A universally stereotypical senior citizen with a rather misguided sense of reality. Concocts wild theories to explain anything she cannot understand. Typically ‘very’ busy doing nothing, Grandma delights in sharing nasty details of physical ailments as is common for geriatrics, will take the word of the girl at McDonalds as expert nutritional advice, and is forever referring to the mysterious, nondescript yet authoritative ‘they’ or ‘them.’ Most often heard as ‘They say(insert nonsense here).’ No one has successfully deduced the true identity of the mysterious ‘they’ – we’re afraid we’ll never know who ‘they’ are.

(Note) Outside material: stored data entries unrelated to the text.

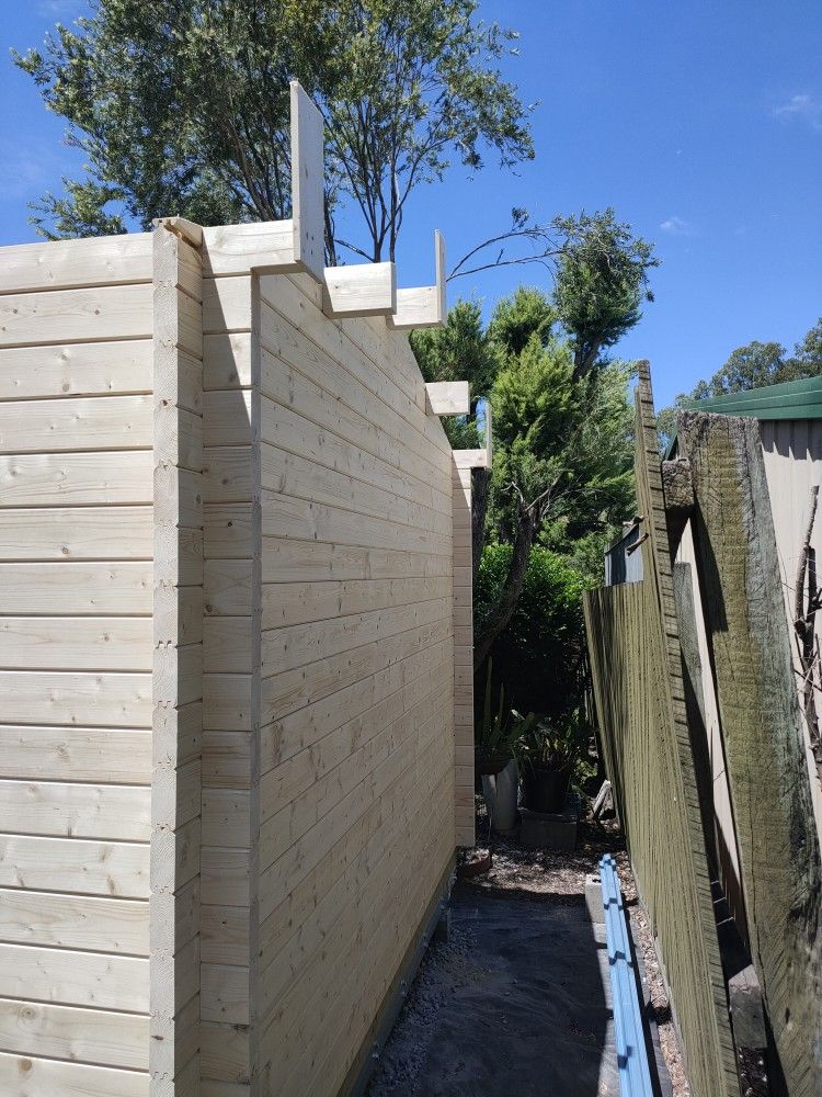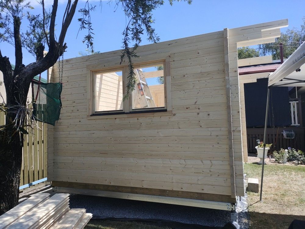 Access to the rear of Debra and Jeff's property was a little tight, to say the least. But we love a challenge, we managed to park our 8m trailer with the cabin pallet close to the build site, and set up our tools and workshop right next to the build area.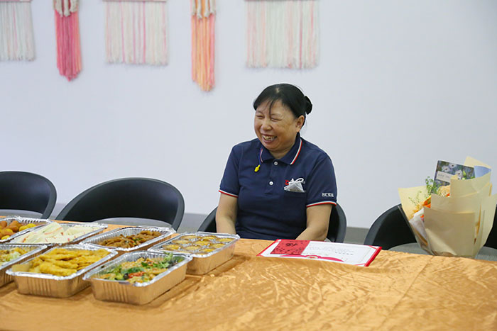 郑超琼女士脸上洋溢着幸福的笑容,眼中却难掩不舍之情,与大家分享自己工作多年的感悟,以及表达对公司、同事和领导的感谢之情。
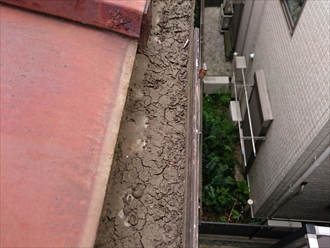 雨樋は完全に脱落している部分もあり、下がっている部分には土が溜まっていました。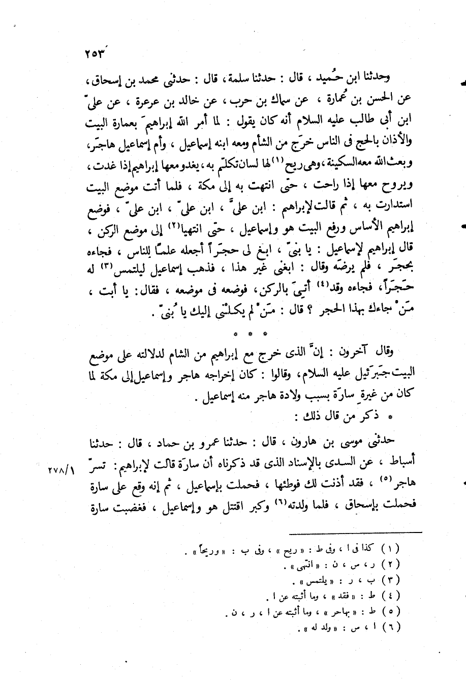 وَحَدَّثَنَا ابْنُ حُمَيْدٍ، قَالَ: حَدَّثَنَا سَلَمَةُ، قَالَ: حدثني محمد بن إسحاق، عن الحسن بن عُمَارَةَ، عَنْ سِمَاكِ بْنِ حَرْبٍ، عَنْ خَالِدِ بن عرعرة، [عن على ابن ابى طالب ع أَنَّهُ كَانَ يَقُولُ: لَمَّا أَمَرَ اللَّهُ إِبْرَاهِيمَ بِعِمَارَةِ الْبَيْتِ وَالأَذَانِ بِالْحَجِّ فِي النَّاسِ خَرَجَ مِنَ الشَّامِ وَمَعَهُ ابْنُهُ إِسْمَاعِيلُ، وَأُمُّ إِسْمَاعِيلَ هاجر، وبعث الله معه السكينة، وهي رِيحٌ لَهَا لِسَانٌ تَكَلَّمُ بِهِ، يَغْدُو مَعَهَا إِبْرَاهِيمُ إِذَا غَدَتْ، وَيَرُوحُ مَعَهَا إِذَا رَاحَتْ، حَتَّى انْتَهَتْ بِهِ إِلَى مَكَّةَ، فَلَمَّا أَتَتْ مَوْضِعَ الْبَيْتِ اسْتَدَارَتْ بِهِ، ثُمَّ قَالَتْ لإِبْرَاهِيمَ: ابْنِ عَلَيَّ، ابْنِ عَلَيَّ، ابْنِ عَلَيَّ، فَوَضَعَ إِبْرَاهِيمُ الأَسَاسَ وَرَفَعَ الْبَيْتَ هُوَ وَإِسْمَاعِيلُ، حَتَّى انْتَهَيَا إِلَى مَوْضِعِ الرُّكْنِ، قَالَ إِبْرَاهِيمُ لإِسْمَاعِيلَ: يَا بُنَيَّ، ابْغِ لِي حَجَرًا أَجْعَلُهُ عَلَمًا لِلنَّاسِ، فَجَاءَهُ بِحَجَرٍ، فَلَمْ يَرْضَهُ وَقَالَ: ابْغِنِي غَيْرَ هَذَا، فَذَهَبَ إِسْمَاعِيلُ لِيَلْتَمِسَ لَهُ حَجَرًا، فَجَاءَهُ وَقَدْ أُتِيَ بِالرُّكْنِ، فَوَضَعَهُ فِي مَوْضِعِهِ، فَقَالَ: يَا أَبَتِ، مَنْ جَاءَكَ بِهَذَا الْحَجَرِ؟ قَالَ: مَنْ لَمْ يَكِلْنِي إِلَيْكَ يَا بُنَيَّ] .
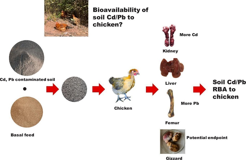環境污染會對食品質量安全和生態環境安全產生影響。散養雞攝食重金屬污染土壤可能會對雞的健康和雞肉的安全品質產生不利影響。然而,這一點目前缺乏研究。該研究的結果表明,雞食用污染土壤后,污染土壤中的鎘和鉛約有50%-70%可被雞吸收;肌胃、雞肝、腎臟等器官中重金屬含量較高。該研究結果的重要性在于,一是獲得了污染土壤中鎘和鉛對雞的生物有效性數據;二是該結果表明,在重金屬污染區,污染土壤中重金屬對鳥類存在較大的健康風險;三是雞散養時,應當考慮散養地土壤重金屬含量,在重金屬污染區,應當禁止散養禽類。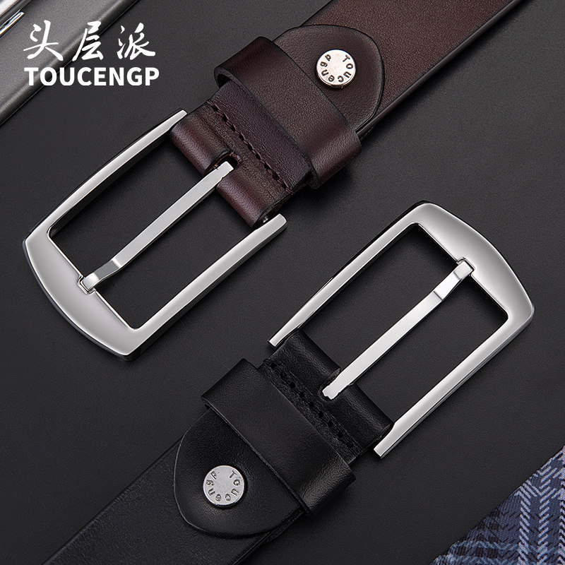 裤 304不锈钢皮带男士 商务正装 西裤 腰带 真皮针扣头层牛皮高档正品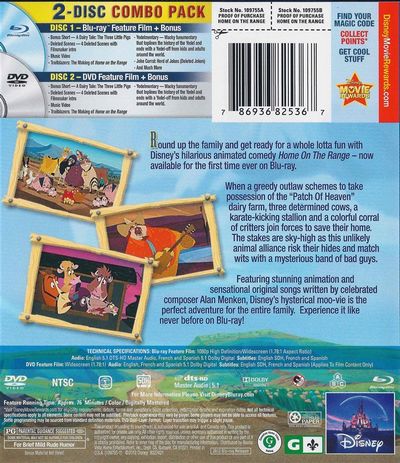 Round up the family and get ready for a whole lotta fun with Disney's hilarious animated comedy Home On The Range - now available for the first time ever on Blu-ray.When a greedy outlaw schemes to take possession of the "Patch Of Heaven" dairy farm, three determined cows, a karate-kicking stallion and a colorful corral of critters join forces to save their home. The stakes are sky-high as this unlikely animal alliance risk their hides and match wits with a mysterious band of bad guys.Featuring stunning animation and sensational original songs written by celebrated composer Alan Menken, Disney's hysterical moo-vie is the perfect adventure for the entire family. Experience it like never before on Blu-ray! |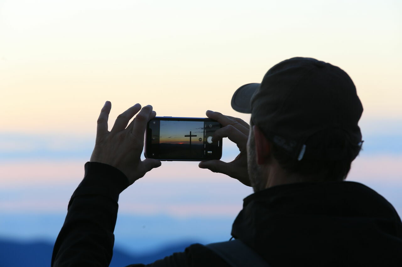 Zum Abschluss unserer Tour steht für alldiejenigen, die noch einmal prägende Eindrücke und Erinnerungen sammeln, gedanklich abspeichern und von diesen noch lange zehren wollen, ein ganz besonderes Erlebnis an: die Tour zum Sonnenaufgang auf dem Belchen (7,0 Km, 384 aufsteigende Höhenmeter, 394 absteigende Höhenmeter). Dazu müssen wir früh aufstehen, denn wir sollten rund zwei Stunden vor dem eigentlichen Sonnenaufgang von der Dießlin-Hütte aufbrechen und uns auf den Weg in Richtung Belchengipfel machen. Hierzu recherchieren wir im Internet die genaue Uhrzeit für den Sonnenaufgang. Zwar planen wir nur rund eine Stunde Fußweg bis zum Gipfel ein, doch die Stunde vor dem eigentlichen Sonnenaufgang ist die schönste, wenn sich der Himmel orange-rötlich verfärbt und die in der Ferne deutlich zu erkennende Alpenkette im Morgenlicht angeschienen wird.
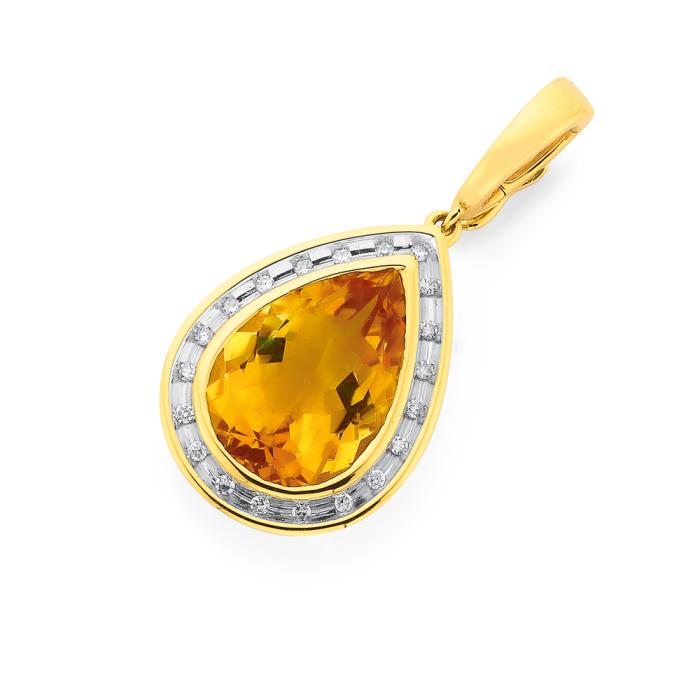 9ct Gold Pear Cut Citrine Enhancer Pendant Framed with 10 Points of Diamonds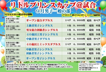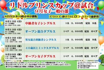 | 申込方法 | リトルプリンステニスクラブHP、申込フォームからお申し込みください。 http://litpri-tennis.com/ |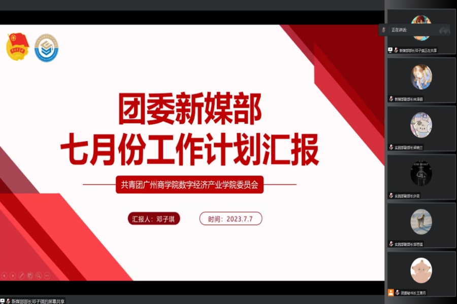 为深入学习贯彻习近平新时代中国特色社会主义思想,落实好团的十九大精神的学习宣传工作,增强骨干们的工作能力和综合素质,加强团委成员之间的了解程度,提高工作效率。数字经济产业学院团委于7月7日中午在腾讯会议召开“踔厉奋发新征程,勇毅前行谱新篇”学习贯彻团的十九大精神专题学习会暨团委七月工作例会。团委书记王政及数字经济产业学院团委全体成员参加本次会议。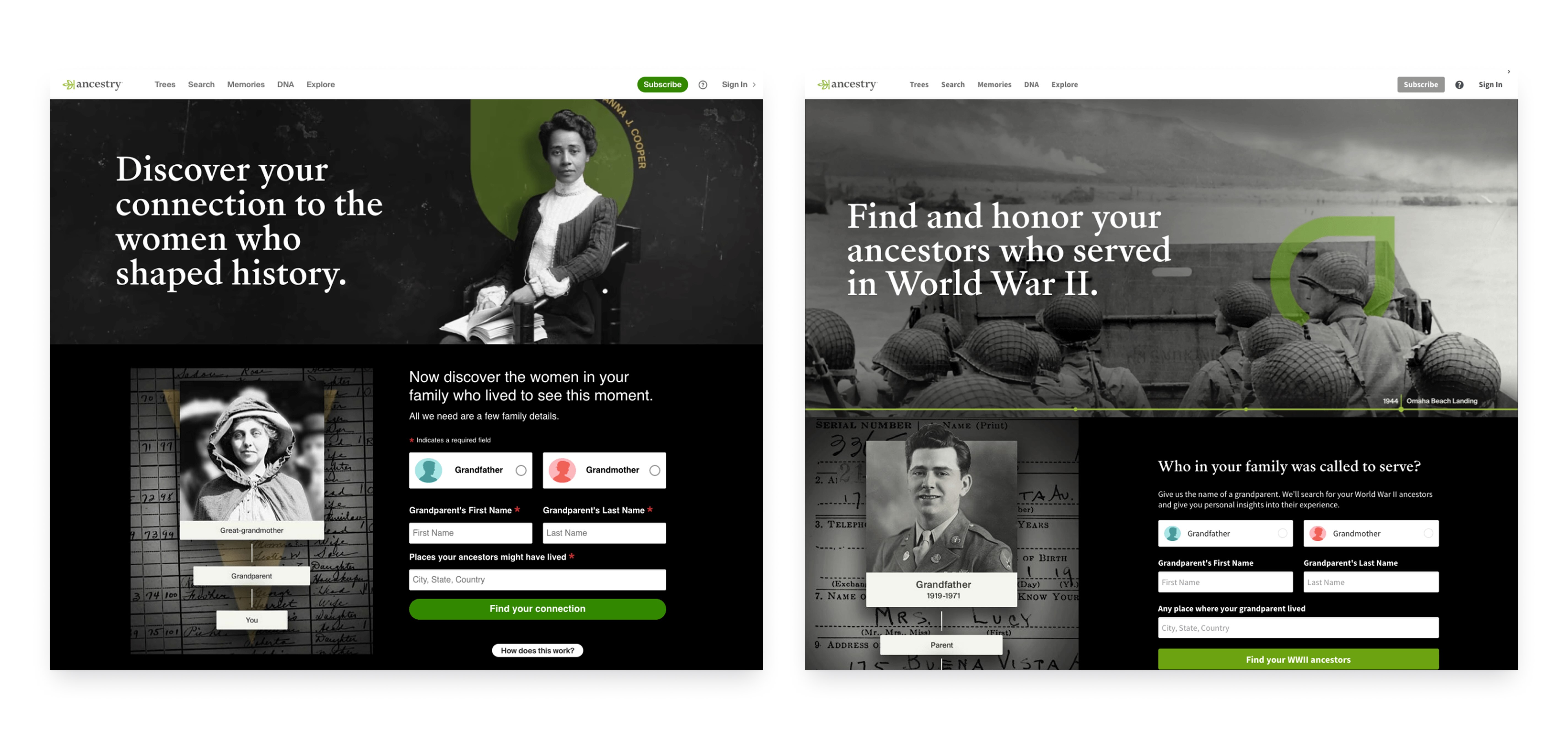 Landing Page to Market Ancestry via StoryScout

Grandma believes such things as: ‘newspapers never lie,’ ‘doctors are all-knowing b/c they’re doctors,’ and ‘it’s the same everywhere.’  Paying more than $10 for ANYTHING is too much, and everything is ‘still good’ even after it’s disintegrated. Never uses gifts because she deems them too good for her to use and stashes them away to regift at a later date. Therefore you may as well buy things you like because, odds are, they’ll be yours again someday.

Dad

Dad is the parental embodiment of what-the-fak: a no-nonsense father who believes in the principles of hard work, education, and common sense which he expects of everyone he encounters. He is definitely NOT politically correct and doesn’t accept whiny excuses in defense of stupidity. He believes stupid people need to be told they’re stupid if there’s any hope of improvement. Not solely negative, Dad equally acknowledges smart and good especially in those truly giving their all towards progress on the rare occasion he encounters these phenomena in today’s modern world where laziness and blatant stupidity thrive under the blanket protection of some BS-politically correct terminology.  

Some of Dad’s beliefs include: ‘taking no for an answer is not acceptable,’ ‘you can if you try hard enough,’ and ‘most problems have solutions if you really want to find them.’ While usually diplomatically, Dad speaks his mind and feels most people simply need a jolt of reality to change for the better. He feels the biggest barrier between what is and what can be is the trend of hiding from the truth just because changing it might take a little work.